Solution 1: ElastiCache hot path
Primary: DynamoDB (cold, persistent)
Hot Path: ElastiCache Redis (warm, last 5 turns, TTL 1hr)
Read path:
1. Try Redis (sub-millisecond) ──► HIT: return immediately
MISS: fall through
2. Read from DynamoDB (~5ms) ──► Success: populate Redis, return
Timeout: fall back to stateless mode
Write path (write-through cache):
async def save_turn(session_id: str, turn: ConversationTurn):
# Write to both simultaneously
await asyncio.gather(
dynamodb.put_item(session_id, turn), # Persistent
redis.lpush(f"session:{session_id}", turn.serialize()) # Hot cache
)
# Trim Redis to last 5 turns
await redis.ltrim(f"session:{session_id}", 0, 4)
Solution 2: Circuit Breaker Pattern
class DynamoDBCircuitBreaker:
def __init__(self):
self.state = "CLOSED" # Normal operation
self.failure_count = 0
self.failure_threshold = 5 # Open after 5 failures in 10s
self.timeout = 30 # Stay open for 30 seconds
async def read_history(self, session_id: str) -> list:
if self.state == "OPEN":
# Don't even try DynamoDB — fail fast
logger.warning("Circuit OPEN: returning empty history for stateless mode")
return [] # Stateless fallback
try:
history = await dynamodb.query_with_timeout(session_id, timeout_ms=200)
self.on_success()
return history
except TimeoutError:
self.on_failure()
return [] # Stateless fallback
def on_failure(self):
self.failure_count += 1
if self.failure_count >= self.failure_threshold:
self.state = "OPEN"
cloudwatch.put_metric("DynamoDBCircuitOpen", 1)

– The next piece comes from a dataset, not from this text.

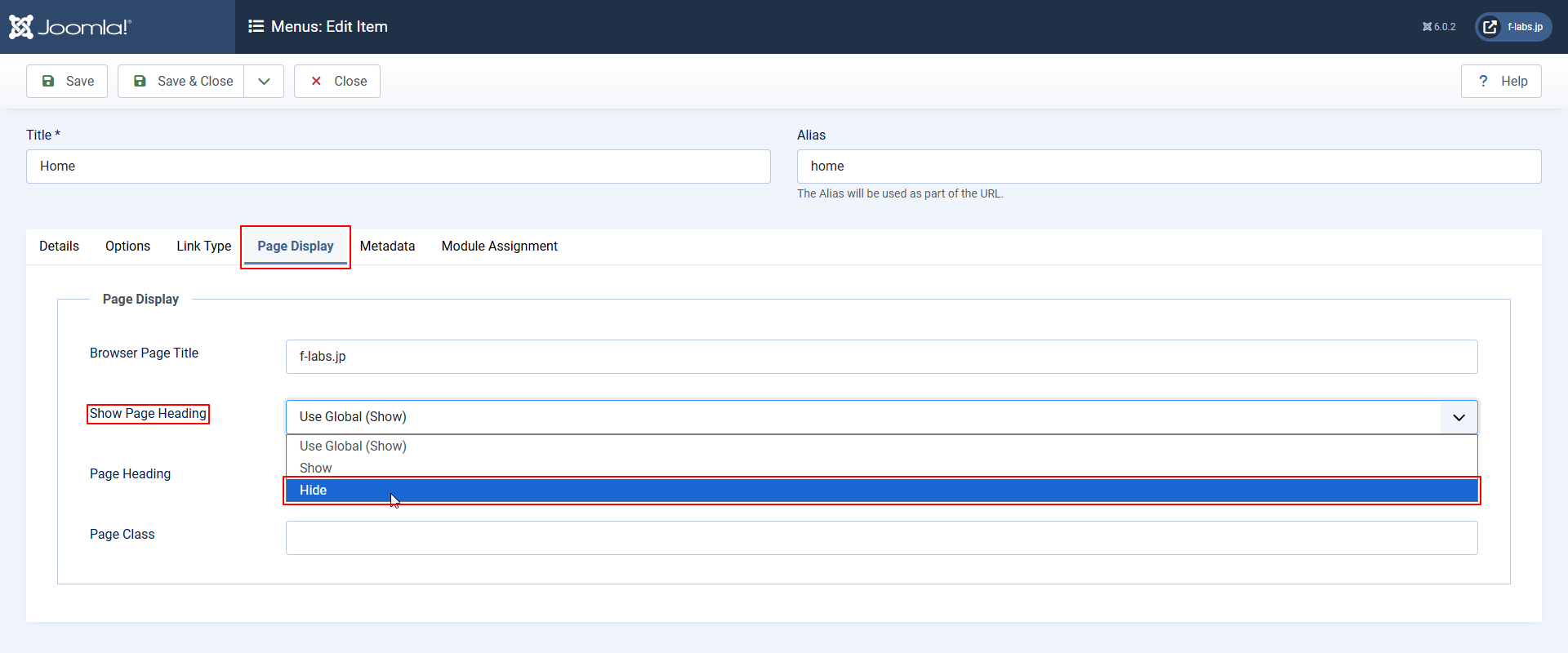 - Show Page Heading: Use Global (Show)からHideに変更します

# Auto-recover: schedule HALF-OPEN check after timeout
asyncio.create_task(self.schedule_recovery())
async def schedule_recovery(self):
await asyncio.sleep(self.timeout)
self.state = "HALF-OPEN" # Allow one probe request
Circuit breaker state machine:
CLOSED (normal) ──[5 failures in 10s]──► OPEN (fail fast)
▲ │
│ │ (30s timeout)
└──────[probe succeeds]──── HALF-OPEN ◄────┘
│
[probe fails]
│
OPEN (reset timer)
Solution 3: Graceful degradation levels
Level 0 (Normal): Full history loaded from cache or DynamoDB
Level 1 (Cache only): Only last 5 turns from Redis (if DynamoDB slow)

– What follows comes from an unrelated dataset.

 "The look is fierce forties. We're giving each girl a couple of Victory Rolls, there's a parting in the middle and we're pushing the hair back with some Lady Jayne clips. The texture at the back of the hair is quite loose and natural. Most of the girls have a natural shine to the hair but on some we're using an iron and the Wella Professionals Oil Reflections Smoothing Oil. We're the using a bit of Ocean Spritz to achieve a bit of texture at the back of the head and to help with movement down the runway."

Level 2 (Stateless): Process current message only, no history
→ Add user-facing message: "I've lost our conversation
context. Could you briefly remind me what we were discussing?"
Level 3 (Full fallback): If Redis also fails, proceed with zero context but
never block the user from getting a response
User messaging when degraded:
// Level 2 stateless mode — be transparent but not alarming
{
"response": "I'm having a brief technical hiccup with my memory.
I can still help you! What were you looking for?",
"debug_metadata": { "memory_mode": "stateless", "reason": "dynamo_timeout" }
}
Monitoring:
CloudWatch Alarms:
- Metric: DynamoDB/SuccessfulRequestLatency (p99)
Threshold: > 50ms for 3 consecutive minutes
Action: PagerDuty alert + SNS notification
- Metric: Custom/DynamoDBCircuitOpen
Threshold: > 0
Action: Critical PagerDuty alert
- Metric: Custom/StatelessModeSessions
Threshold: > 1% of sessions
Action: Warning alert — degradation is user-visible
Prevention: Hot partition mitigation - Session IDs use UUID v4 (random) as partition key → evenly distributed across DynamoDB partitions. - Never use sequential IDs (1, 2, 3…) or customer IDs as partition keys — they create hot partitions. - DynamoDB on-demand capacity automatically handles burst scaling.